===== DATASET EXCERPTS =====

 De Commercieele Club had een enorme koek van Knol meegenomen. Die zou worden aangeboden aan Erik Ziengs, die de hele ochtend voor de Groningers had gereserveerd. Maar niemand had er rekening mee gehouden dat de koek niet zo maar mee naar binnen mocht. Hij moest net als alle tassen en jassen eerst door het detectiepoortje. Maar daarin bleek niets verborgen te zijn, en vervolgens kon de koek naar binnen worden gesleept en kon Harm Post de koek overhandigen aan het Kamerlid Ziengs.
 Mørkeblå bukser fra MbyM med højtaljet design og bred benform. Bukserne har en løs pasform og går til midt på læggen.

=====
===== DATASET EXCERPTS =====

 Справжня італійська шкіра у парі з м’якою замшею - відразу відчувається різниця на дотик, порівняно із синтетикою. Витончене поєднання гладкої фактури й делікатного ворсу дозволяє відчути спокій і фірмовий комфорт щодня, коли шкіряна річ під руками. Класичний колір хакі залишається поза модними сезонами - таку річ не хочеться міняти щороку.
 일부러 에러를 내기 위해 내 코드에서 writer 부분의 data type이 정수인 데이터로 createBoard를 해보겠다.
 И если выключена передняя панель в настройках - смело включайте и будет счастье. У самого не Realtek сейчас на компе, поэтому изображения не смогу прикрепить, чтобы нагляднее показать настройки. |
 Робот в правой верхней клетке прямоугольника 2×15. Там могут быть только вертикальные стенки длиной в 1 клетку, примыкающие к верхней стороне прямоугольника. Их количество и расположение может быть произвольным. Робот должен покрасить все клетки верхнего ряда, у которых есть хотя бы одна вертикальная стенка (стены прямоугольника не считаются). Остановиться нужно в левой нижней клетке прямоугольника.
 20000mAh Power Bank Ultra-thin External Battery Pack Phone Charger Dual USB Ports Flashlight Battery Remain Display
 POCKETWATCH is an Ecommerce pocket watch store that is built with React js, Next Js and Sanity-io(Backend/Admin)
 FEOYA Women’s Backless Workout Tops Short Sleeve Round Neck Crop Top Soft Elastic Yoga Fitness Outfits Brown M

=====
===== DATASET EXCERPTS =====

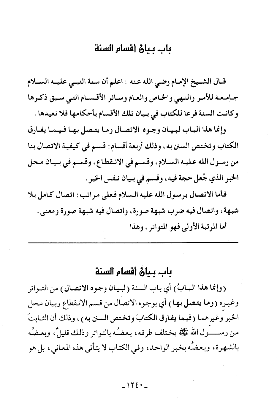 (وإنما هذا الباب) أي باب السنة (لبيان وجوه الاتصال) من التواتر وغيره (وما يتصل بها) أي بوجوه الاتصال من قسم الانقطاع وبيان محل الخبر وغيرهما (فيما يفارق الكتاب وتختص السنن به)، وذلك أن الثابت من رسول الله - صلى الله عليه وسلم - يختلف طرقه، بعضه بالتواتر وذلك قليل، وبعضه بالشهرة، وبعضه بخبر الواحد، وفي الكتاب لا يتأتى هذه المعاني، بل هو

=====

## WORK TO COMPLETE
From the records above, quote only the lines running from the line with "POCKETWATCH is an" to the line with "FEOYA Women’s Backless", both lines included.

## SOLUTION FOR THIS TASK
 POCKETWATCH is an Ecommerce pocket watch store that is built with React js, Next Js and Sanity-io(Backend/Admin)
 FEOYA Women’s Backless Workout Tops Short Sleeve Round Neck Crop Top Soft Elastic Yoga Fitness Outfits Brown M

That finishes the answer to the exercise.